The checkup command performs an overall health and safety check on the cluster. It checks the health of your Ceph cluster and validates its configuration to ensure optimal performance and reliability.

$ ceph-copilot cluster checkup
Running tests: ...!.!.X.!.!..............X...X!..!

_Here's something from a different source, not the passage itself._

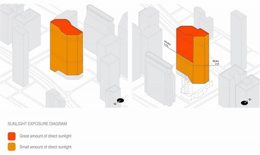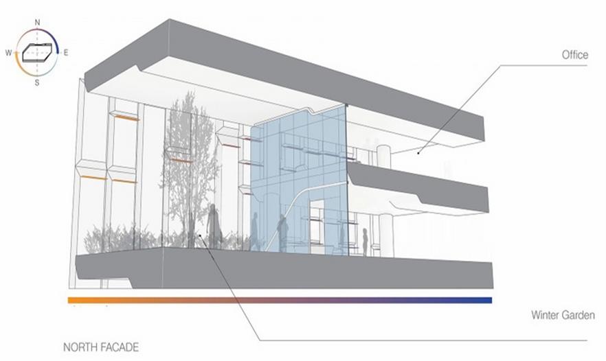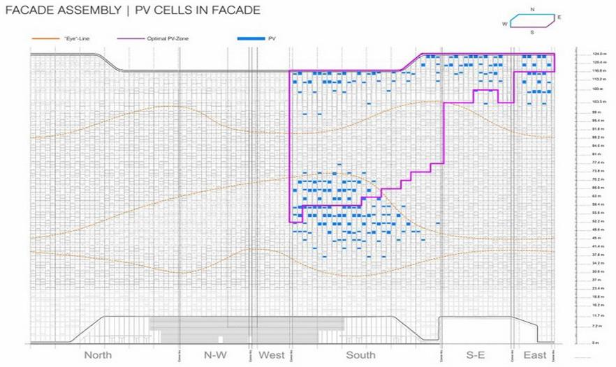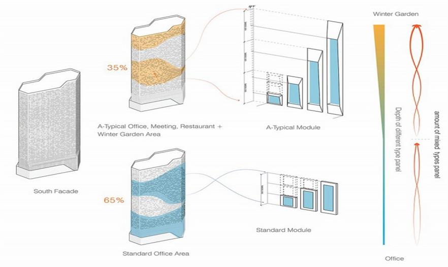 太陽和建筑方位決定了立面幾何,保證了用戶舒適度,減少了能源消耗。玻璃角度經(jīng)過調(diào)整偏離直射太陽光線,減少了直接的太陽能影響,而南立面上層部分的角度則適合接收直射光線。

Overall score: 29 out of 35 (B-)

- WARN in Version/Check for Known Issues in Running Version: Info: Found 1 low severity issue(s) in running version 17.2.7-1
- WARN in Operating System/OS Support: Operating System is Unknown
- FAIL in Pools/Recommended Flags: Some pools have missing flags
- WARN in Pools/Pool Autoscale Mode: pg_autoscaler is on which may cause unexpected data movement
- WARN in Pools/Pool CRUSH Failure Domain Buckets: Not enough crush failure domain buckets for some pools
- FAIL in OSD Health/Check BlueFS DB/Journal is on Flash: All OSDs have bluefs db/wal or journal on rotational device
- FAIL in OSD Health/OSD host memory: All OSD hosts have insufficient memory
- WARN in OSD Health/OSD host swap: Some OSD hosts have swap enabled
- WARN in OSD Health/Dedicated Cluster Network: Public and Cluster Networks are Shared

Use --verbose for details and recommendations

Toolkit Command

The toolkit command provides a selection of useful Ceph tools.

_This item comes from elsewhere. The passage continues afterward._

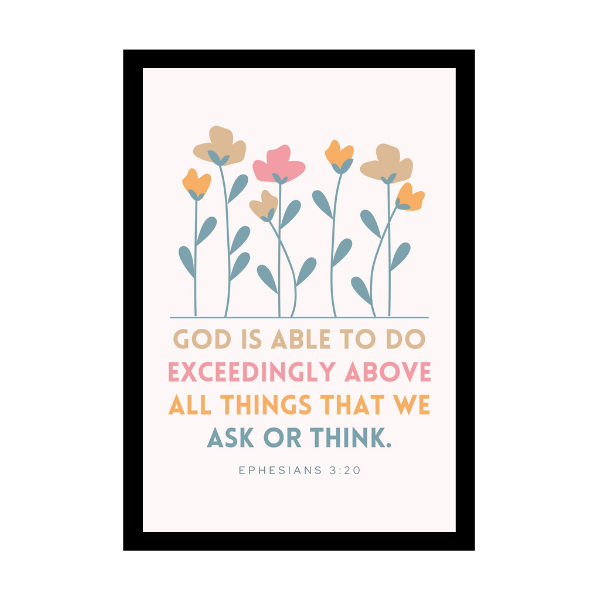 - An eye--catching home decor with an elegant solid wood frame will impress your guests and family deeply. The inspirational word “God is able to do exceedingly above all things that we ask or think”. - Ephesians 3:20 in the Bible inspires you to face life positively and bless you.

$ ceph-copilot toolkit --help
usage: copilot toolkit [-h] {list,run} ...

positional arguments:
{list,run}
list List the included Ceph tools
run Run an included Ceph tool

optional arguments:
-h, --help show this help message and exit

Example of the toolkit list command:

$ ceph-copilot toolkit list 
Ceph Tools are installed to /usr/libexec/ceph-copilot/tools

Tools:

clyso-cephfs-recover-metadata
clyso-rgw-find-missing
clyso-ceph-diagnostics-collect
clyso-rados-bulk
contrib/jj_ceph_balancer
cern/upmap-remapped.py

Toolkit run example contrib/jj_ceph_balancer

The contrib/jj_ceph_balancer tool is a Ceph balancer optimized for equal OSD storage utilization and PG placements across all pools. This can be run with the following command:

ceph-copilot toolkit run contrib/jj_ceph_balancer -h
Running tool: contrib/jj_ceph_balancer -h
usage: jj-ceph-balancer [-h] [-v] [-q] [--osdsize {device,weighted,crush}]
{gather,show,showremapped,balance,poolosddiff,repairstats,test,osdmap}
...

Ceph balancer optimized for equal OSD storage utilization and PG placements across all pools.

positional arguments:
{gather,show,showremapped,balance,poolosddiff,repairstats,test,osdmap}
gather only gather cluster information, i.e. generate a state file
repairstats which OSDs repaired their stored data?
test test internal stuff
osdmap compatibility with ceph osd maps

optional arguments:
-h, --help show this help message and exit
-v, --verbose increase program verbosity
-q, --quiet decrease program verbosity
--osdsize {device,weighted,crush}
what parameter to take for determining the osd size. default: crush. device=device_size, weighted=devsize*weight, crush=crushweight*weight

This is adoption of JJ's Ceph Balancer https://github.com/TheJJ/ceph-balancer
This balancer doesn't change your cluster anyway, it just prints the commands you can run to generate movements.
Example: for max 10 pg movements:
`jj-ceph-balancer -v balance --max-pg-moves 10 | tee /tmp/balance-upmaps`
If you're satisfied, run: $ bash /tmp/balance-upmaps

To get pool and OSD usage overview:
jj-ceph-balancer show --osds --per-pool-count --sort-utilization

Checkout more with `jj-ceph-balancer --help`


Pools Command

Example of the pools pg distribution command:

$ ceph-copilot pools pg distribution
# NumSamples = 270; Min = 86.00; Max = 160.00
# Mean = 120.044444; Variance = 119.583210; SD = 10.935411; Median 124.000000
# each # represents a count of 2
86.0000 - 93.4000 [ 18]: #########
93.4000 - 100.8000 [ 0]:
100.8000 - 108.2000 [ 29]: ##############
108.2000 - 115.6000 [ 7]: ###
115.6000 - 123.0000 [ 48]: ########################
123.0000 - 130.4000 [ 166]: ###################################################################################
130.4000 - 137.8000 [ 0]:
137.8000 - 145.2000 [ 0]:
145.2000 - 152.6000 [ 0]:
152.6000 - 160.0000 [ 2]: #

This cluster is an example of 270 OSDs which are distributed across the PGs. The output shows the distribution of the OSDs across the PGs.